Prime Minister Dominique de Villepin told parliament that police have made 1,500 arrests since the riots began on Oct. 27.
The Justice Ministry said on Tuesday that 106 adults and 33 minors have been sentenced to prison or detention centers.
Human rights groups are warning the quick trials could intensify the anger and feelings of neglect in communities hit by the unrest.
One heavily guarded courtroom in the northeastern Paris suburb of Bobigny alone is handling about 60 riot-related cases a day and has called in three extra magistrates to deal with the overflow. The hearings continue late into the night.
Youngsters rushed through the courtroom -- most of them French-born children of Arab and African immigrants -- faced charges of vandalism or carrying homemade gasoline bombs.
Almost all said they were guilty only of being in the wrong place at the wrong time.
"It wasn't me!" a 22-year-old insisted at his trial, just three days after his arrest.

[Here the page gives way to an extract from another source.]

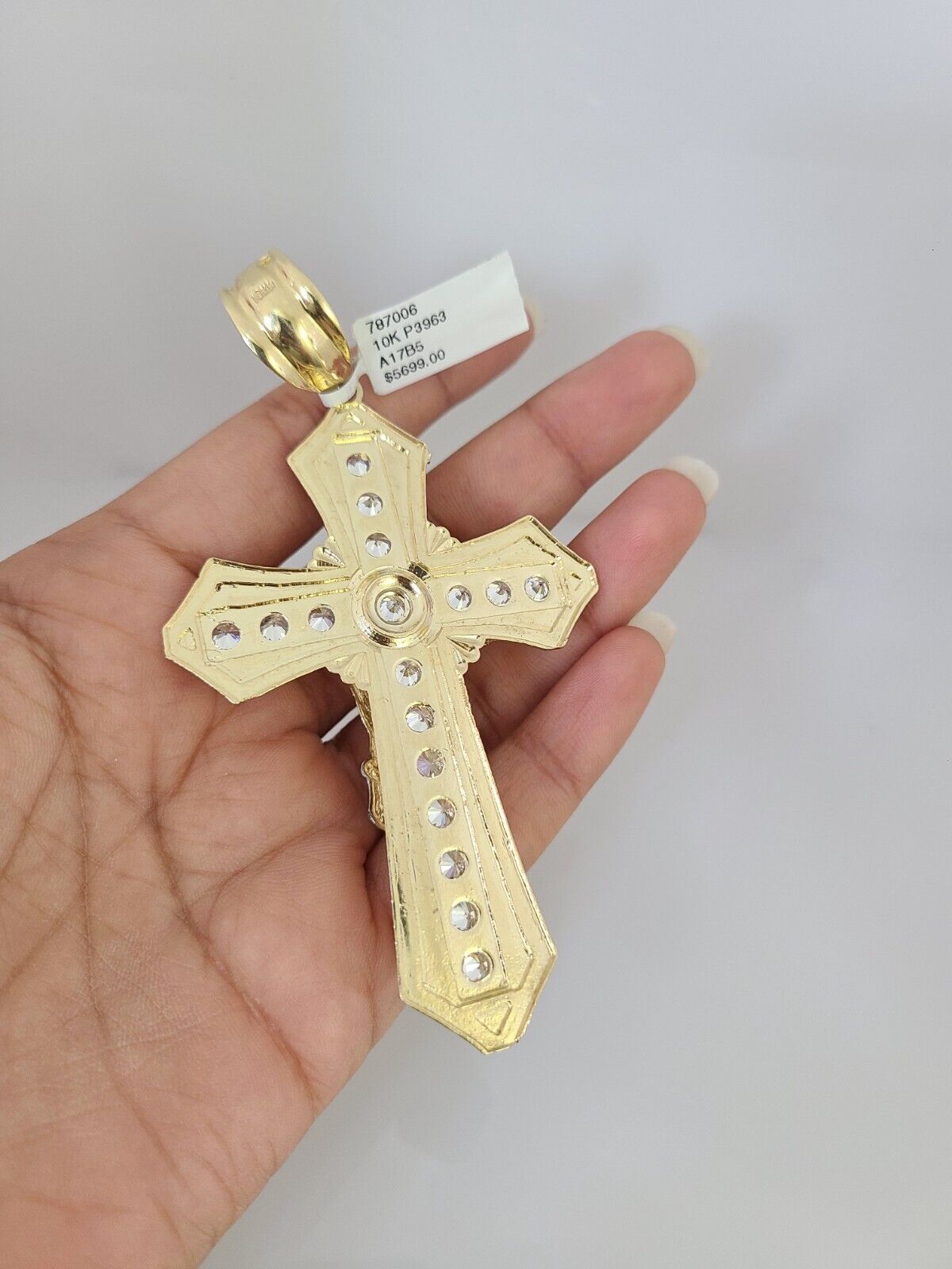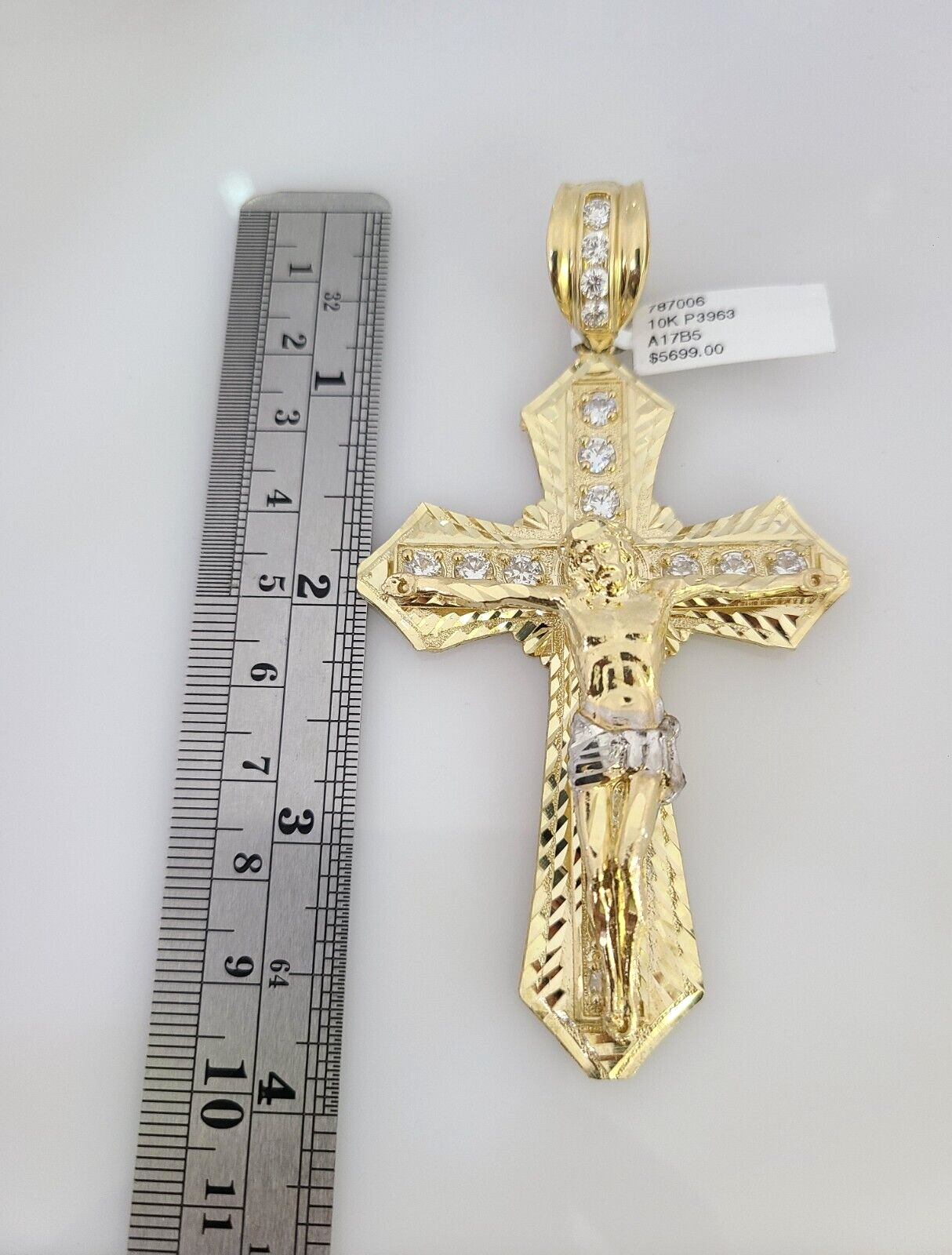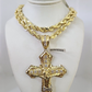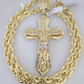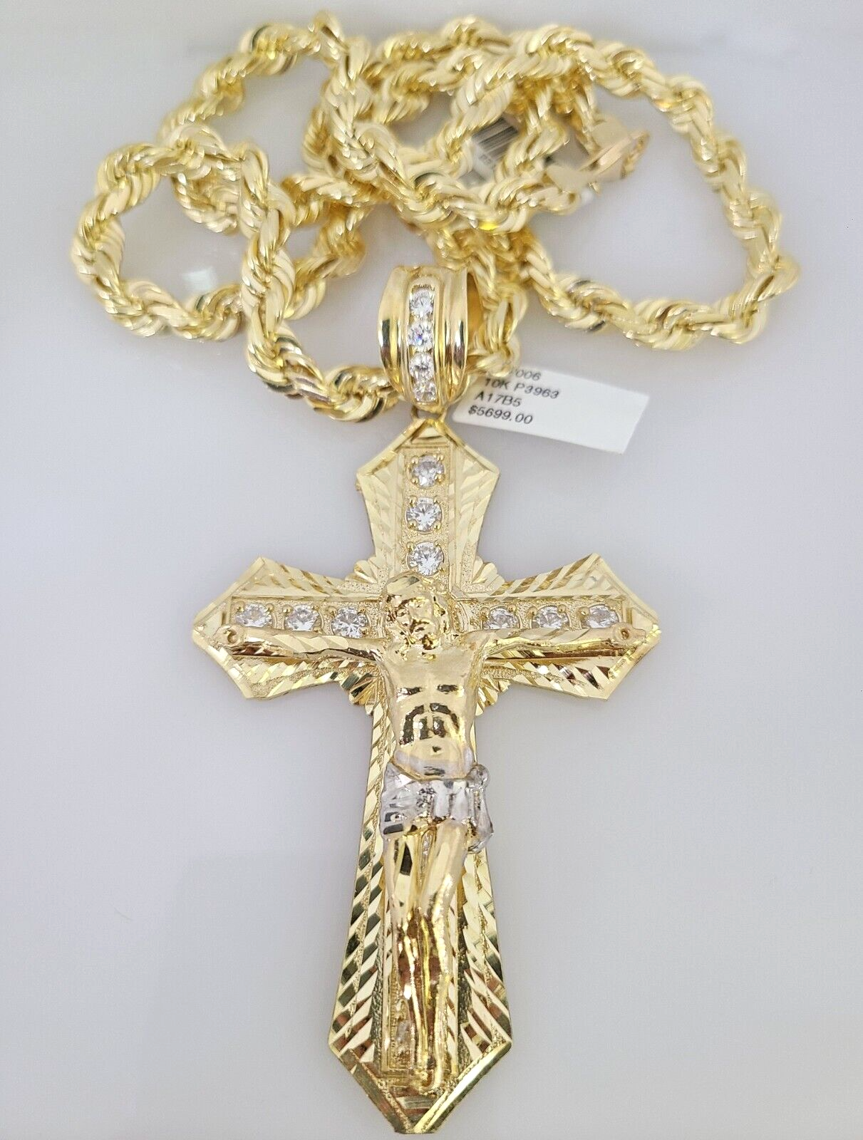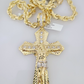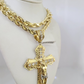 10kt Gold Solid Rope Chain Jesus Cross Charm Set 18"-30'' Inch 7mm Pendant

A police report read to the court said the young man reeked of gasoline and had traces of fuel on his hands when police caught him running from a fire. He insisted that two other people set the blaze in trash cans in a towerblock in the nearby suburb of Pantin.
"I only came to Pantin to buy some cannabis," said the man, whose parents immigrated from the former Yugoslavia.
The magistrate was not impressed. After examining the evidence for 15 minutes, she sentenced him to four months in prison "given the exceptional disturbances" and called the next case.